**REQUIRED WORK**. The output should match, line for line, the records from the line containing "Beteiligungsformen ausgeglichen, da" through the line containing "шкафов и тумб", with every picture left out.

(Saved entries)
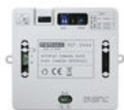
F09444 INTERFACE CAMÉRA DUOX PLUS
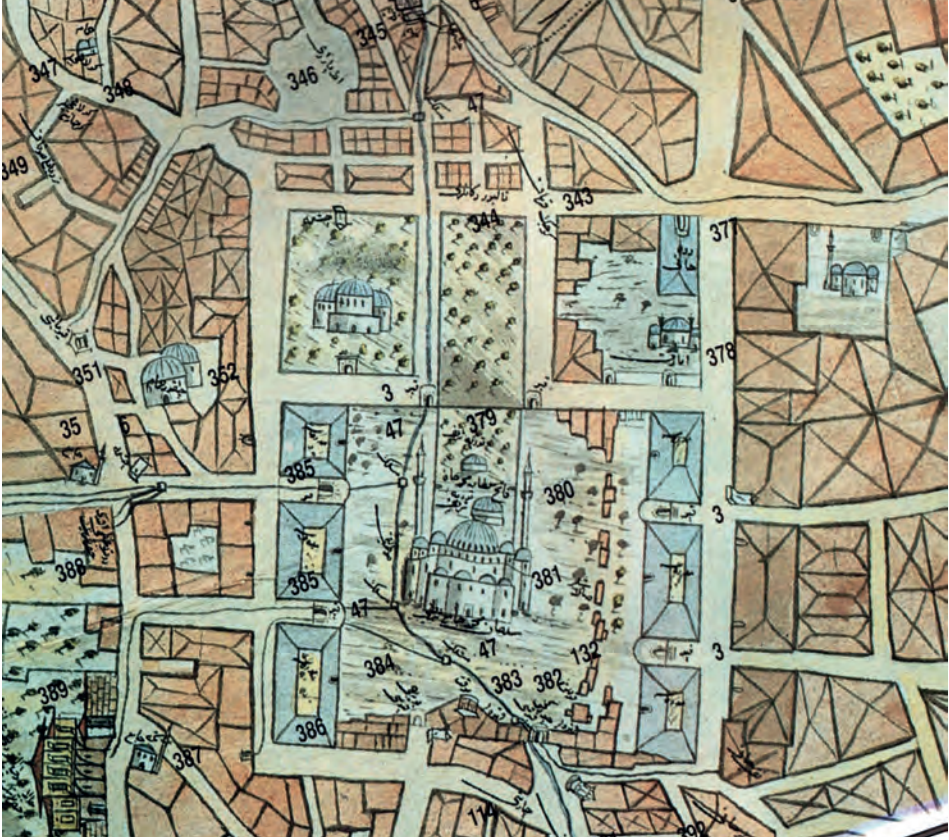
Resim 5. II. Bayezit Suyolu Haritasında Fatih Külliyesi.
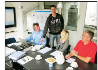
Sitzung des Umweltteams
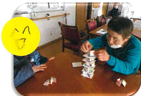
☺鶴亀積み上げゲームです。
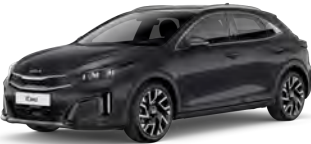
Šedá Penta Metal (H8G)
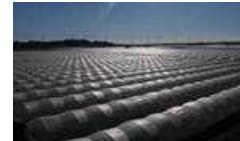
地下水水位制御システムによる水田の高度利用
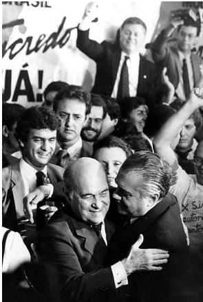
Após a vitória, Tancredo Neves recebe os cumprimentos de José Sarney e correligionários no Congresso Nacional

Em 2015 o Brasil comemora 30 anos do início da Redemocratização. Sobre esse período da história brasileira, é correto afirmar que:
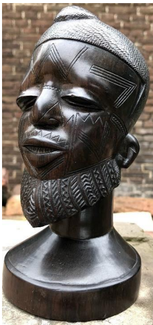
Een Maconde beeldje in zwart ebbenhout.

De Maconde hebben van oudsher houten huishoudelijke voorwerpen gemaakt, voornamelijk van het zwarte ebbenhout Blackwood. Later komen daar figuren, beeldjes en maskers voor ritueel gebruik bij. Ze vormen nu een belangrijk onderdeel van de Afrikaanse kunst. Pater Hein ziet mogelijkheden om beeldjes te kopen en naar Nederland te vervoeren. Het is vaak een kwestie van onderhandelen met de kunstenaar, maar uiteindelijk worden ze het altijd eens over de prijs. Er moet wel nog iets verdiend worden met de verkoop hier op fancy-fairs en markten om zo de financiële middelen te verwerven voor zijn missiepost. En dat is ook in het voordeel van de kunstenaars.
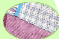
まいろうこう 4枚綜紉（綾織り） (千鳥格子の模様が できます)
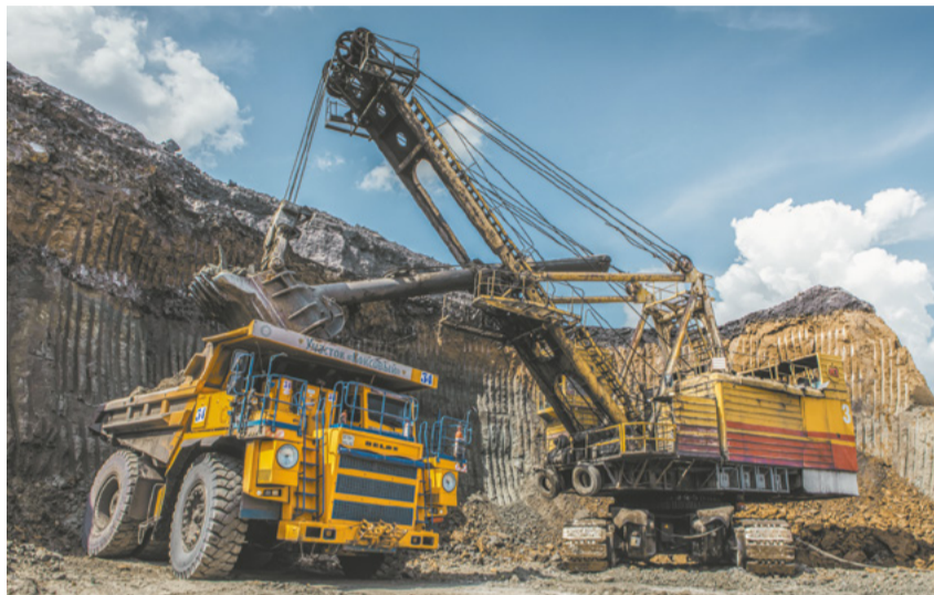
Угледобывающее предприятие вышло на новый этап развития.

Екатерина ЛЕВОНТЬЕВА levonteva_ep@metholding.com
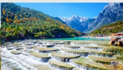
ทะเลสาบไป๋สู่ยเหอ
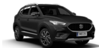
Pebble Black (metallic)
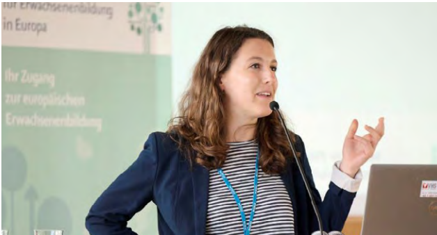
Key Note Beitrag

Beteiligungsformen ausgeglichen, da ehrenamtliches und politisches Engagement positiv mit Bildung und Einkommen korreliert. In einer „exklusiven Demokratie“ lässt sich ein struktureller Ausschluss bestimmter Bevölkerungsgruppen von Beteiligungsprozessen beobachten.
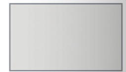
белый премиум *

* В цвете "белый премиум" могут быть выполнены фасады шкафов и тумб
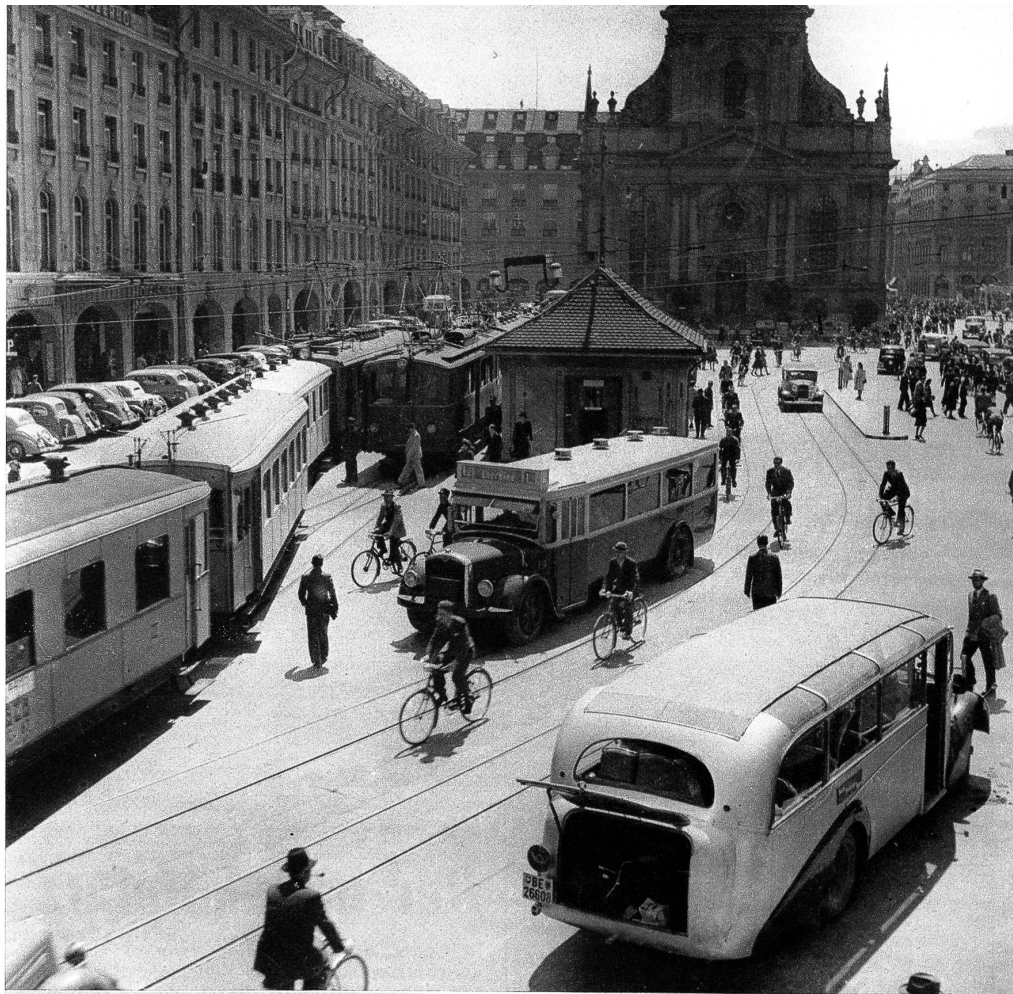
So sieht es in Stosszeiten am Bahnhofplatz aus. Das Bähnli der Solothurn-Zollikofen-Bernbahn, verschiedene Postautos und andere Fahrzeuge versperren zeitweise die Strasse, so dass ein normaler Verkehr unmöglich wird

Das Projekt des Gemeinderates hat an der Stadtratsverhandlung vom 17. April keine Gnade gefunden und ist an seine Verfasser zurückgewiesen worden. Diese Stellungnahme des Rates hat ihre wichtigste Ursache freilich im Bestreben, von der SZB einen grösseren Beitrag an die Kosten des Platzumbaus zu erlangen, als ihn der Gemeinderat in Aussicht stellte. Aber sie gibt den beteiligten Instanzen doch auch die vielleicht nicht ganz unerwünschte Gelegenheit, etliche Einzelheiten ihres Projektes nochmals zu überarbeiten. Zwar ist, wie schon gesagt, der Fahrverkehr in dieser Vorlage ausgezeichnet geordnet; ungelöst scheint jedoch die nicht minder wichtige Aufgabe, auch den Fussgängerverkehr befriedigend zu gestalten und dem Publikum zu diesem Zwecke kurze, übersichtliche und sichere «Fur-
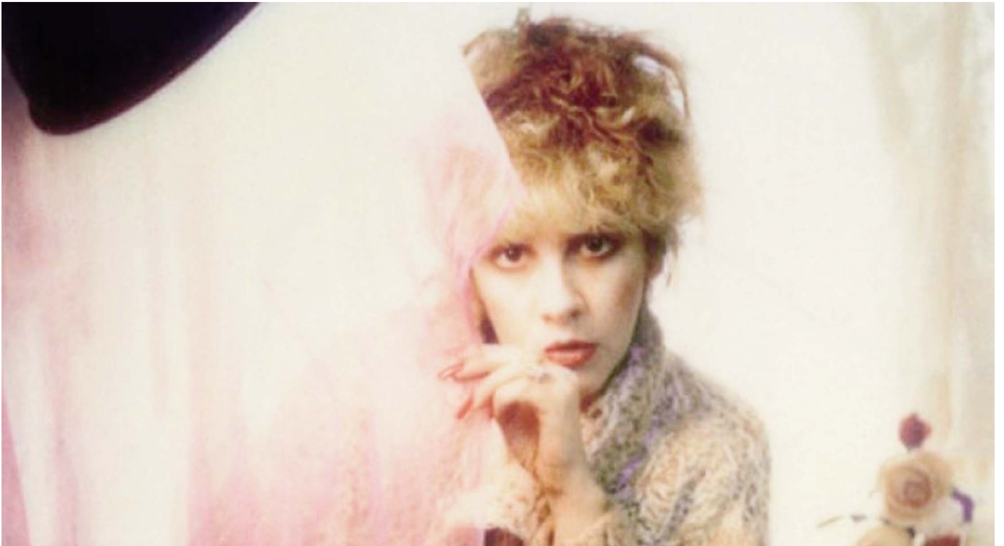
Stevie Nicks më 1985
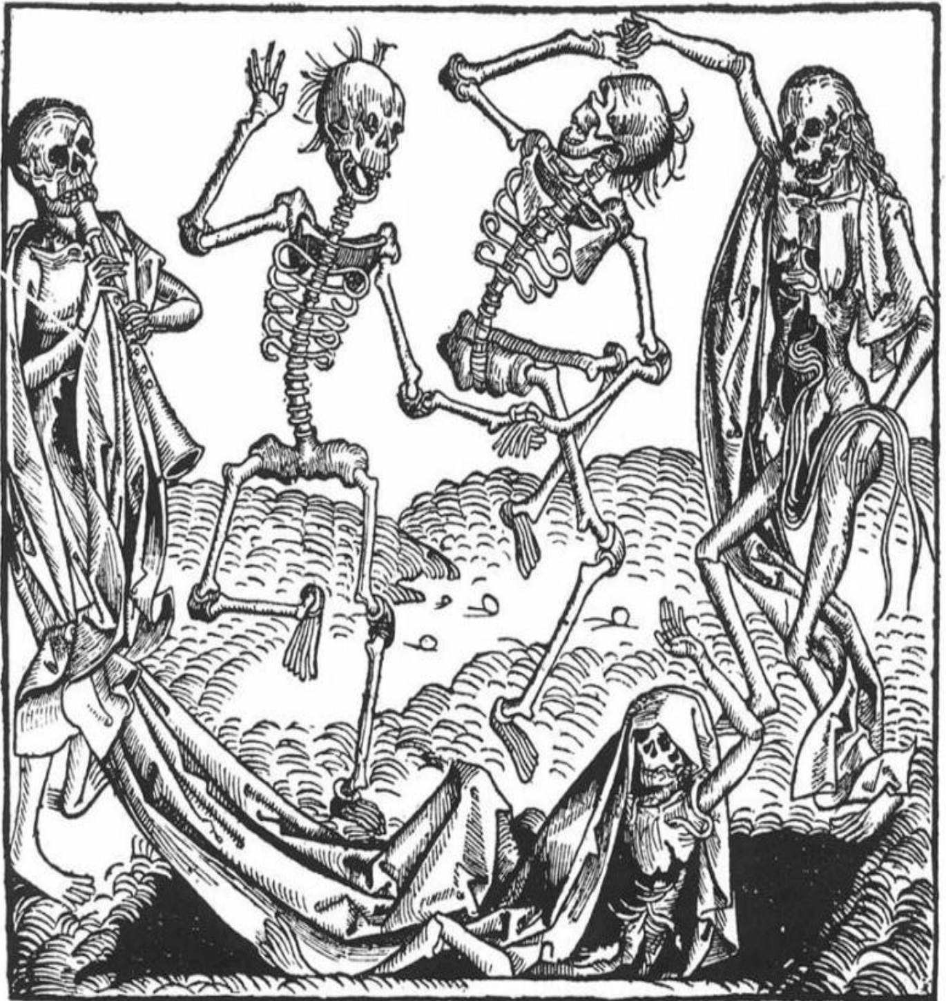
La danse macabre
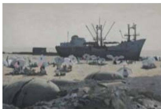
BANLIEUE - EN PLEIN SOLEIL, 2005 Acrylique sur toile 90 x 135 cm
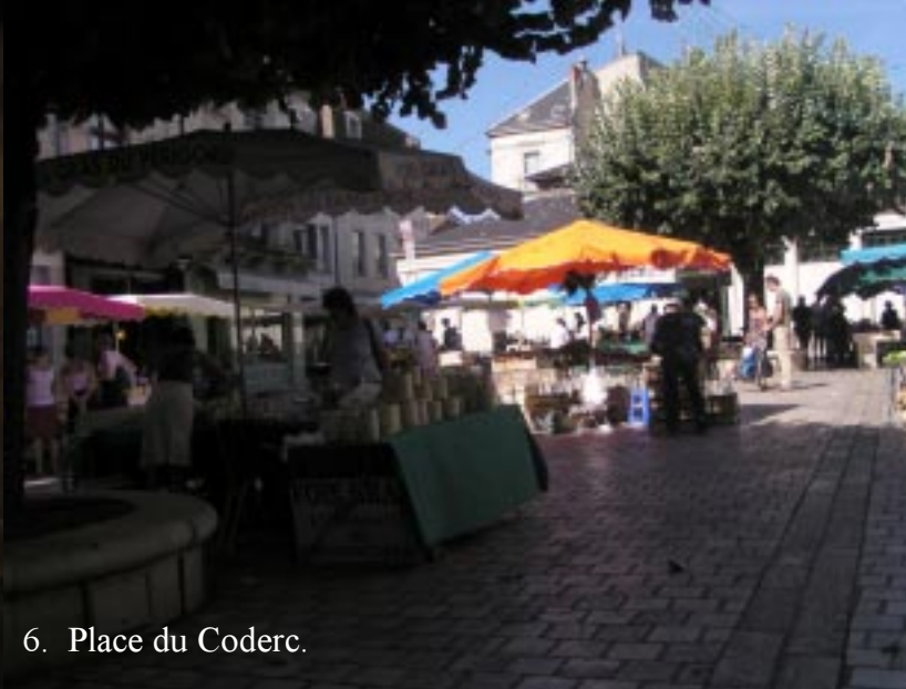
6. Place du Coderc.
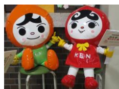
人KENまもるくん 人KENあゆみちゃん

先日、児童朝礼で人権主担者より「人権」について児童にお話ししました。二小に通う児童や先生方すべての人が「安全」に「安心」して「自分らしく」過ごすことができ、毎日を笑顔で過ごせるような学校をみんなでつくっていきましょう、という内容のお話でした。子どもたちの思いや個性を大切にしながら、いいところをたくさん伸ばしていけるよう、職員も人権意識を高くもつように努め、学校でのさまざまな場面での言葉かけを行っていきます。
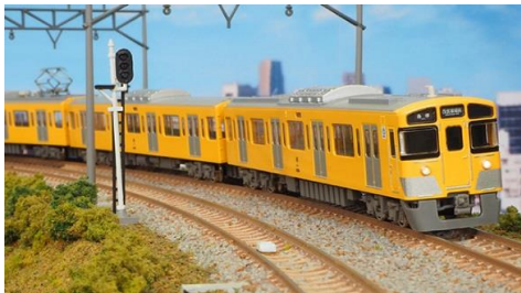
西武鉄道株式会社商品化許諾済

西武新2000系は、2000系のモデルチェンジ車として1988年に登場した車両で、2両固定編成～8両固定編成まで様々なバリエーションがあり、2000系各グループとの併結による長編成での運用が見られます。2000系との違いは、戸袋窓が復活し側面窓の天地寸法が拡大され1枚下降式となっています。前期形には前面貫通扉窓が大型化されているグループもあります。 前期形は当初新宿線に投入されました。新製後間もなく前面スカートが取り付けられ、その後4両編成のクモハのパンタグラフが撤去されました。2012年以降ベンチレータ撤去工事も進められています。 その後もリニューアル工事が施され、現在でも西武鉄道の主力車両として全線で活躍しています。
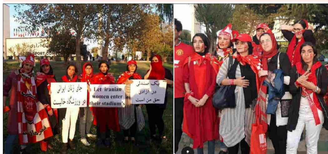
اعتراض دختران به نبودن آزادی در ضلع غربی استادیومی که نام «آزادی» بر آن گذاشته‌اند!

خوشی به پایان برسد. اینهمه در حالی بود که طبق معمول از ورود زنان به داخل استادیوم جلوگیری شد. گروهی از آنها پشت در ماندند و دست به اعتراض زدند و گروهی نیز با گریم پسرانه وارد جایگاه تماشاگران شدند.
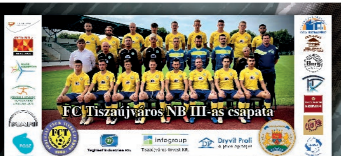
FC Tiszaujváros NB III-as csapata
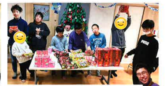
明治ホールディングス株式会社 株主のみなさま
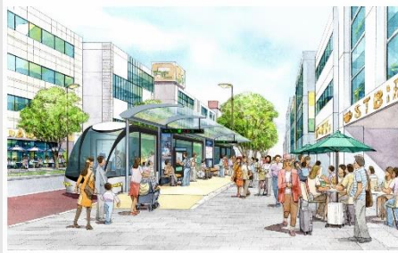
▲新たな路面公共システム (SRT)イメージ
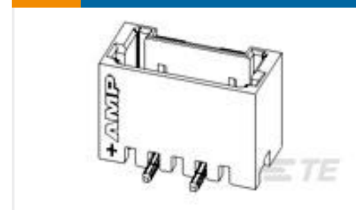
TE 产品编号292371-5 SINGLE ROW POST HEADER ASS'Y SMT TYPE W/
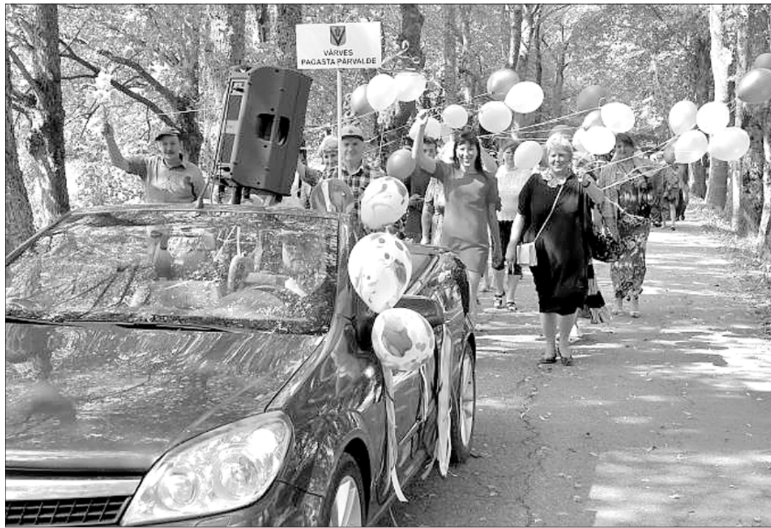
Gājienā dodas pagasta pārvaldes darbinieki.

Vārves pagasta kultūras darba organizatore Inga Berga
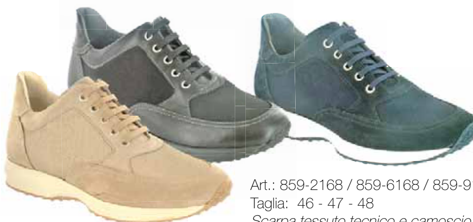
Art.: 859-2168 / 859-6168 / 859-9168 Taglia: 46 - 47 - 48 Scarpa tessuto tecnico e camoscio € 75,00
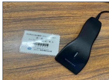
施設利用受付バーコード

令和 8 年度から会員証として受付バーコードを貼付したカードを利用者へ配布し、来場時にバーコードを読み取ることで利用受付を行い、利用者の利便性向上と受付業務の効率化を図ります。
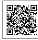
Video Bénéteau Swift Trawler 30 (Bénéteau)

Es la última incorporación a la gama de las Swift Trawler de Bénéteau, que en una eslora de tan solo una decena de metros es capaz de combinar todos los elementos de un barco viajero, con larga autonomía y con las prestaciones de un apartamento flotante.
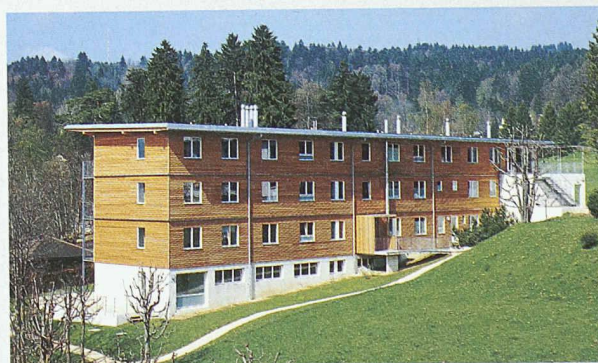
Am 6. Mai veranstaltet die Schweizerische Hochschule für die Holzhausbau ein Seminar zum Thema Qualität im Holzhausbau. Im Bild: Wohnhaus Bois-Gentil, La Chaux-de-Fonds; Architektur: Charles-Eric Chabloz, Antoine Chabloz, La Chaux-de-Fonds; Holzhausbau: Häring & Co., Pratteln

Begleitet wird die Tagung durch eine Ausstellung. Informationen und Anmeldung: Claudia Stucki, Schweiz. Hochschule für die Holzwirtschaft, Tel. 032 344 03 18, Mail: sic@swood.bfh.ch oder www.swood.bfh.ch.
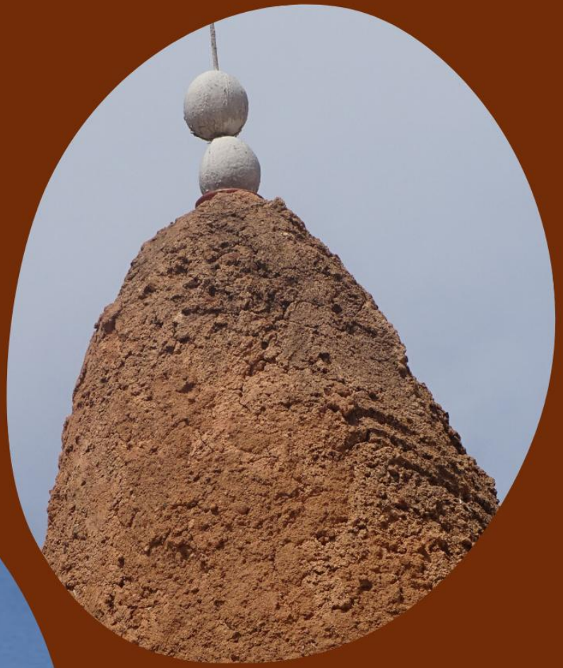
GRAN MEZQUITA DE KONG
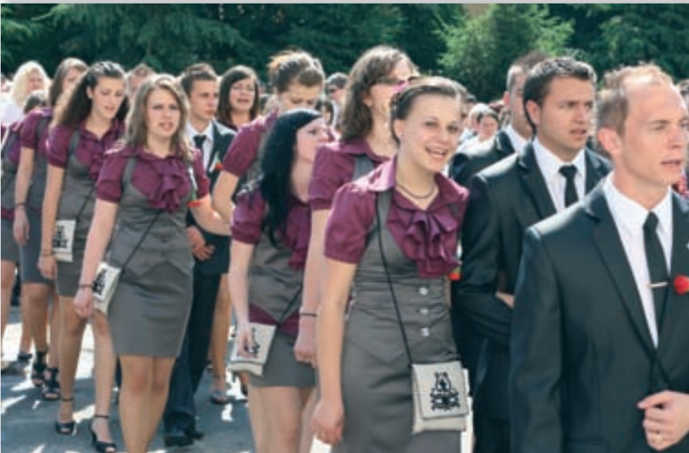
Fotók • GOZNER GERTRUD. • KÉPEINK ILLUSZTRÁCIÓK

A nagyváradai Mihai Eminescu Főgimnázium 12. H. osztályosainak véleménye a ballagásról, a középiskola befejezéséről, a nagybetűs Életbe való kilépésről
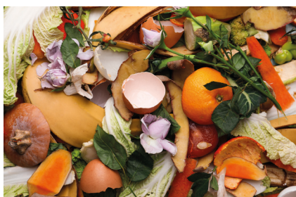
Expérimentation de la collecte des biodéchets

**SOLUTION FOR THIS TASK**.
Beteiligungsformen ausgeglichen, da ehrenamtliches und politisches Engagement positiv mit Bildung und Einkommen korreliert. In einer „exklusiven Demokratie“ lässt sich ein struktureller Ausschluss bestimmter Bevölkerungsgruppen von Beteiligungsprozessen beobachten.
белый премиум *

* В цвете "белый премиум" могут быть выполнены фасады шкафов и тумб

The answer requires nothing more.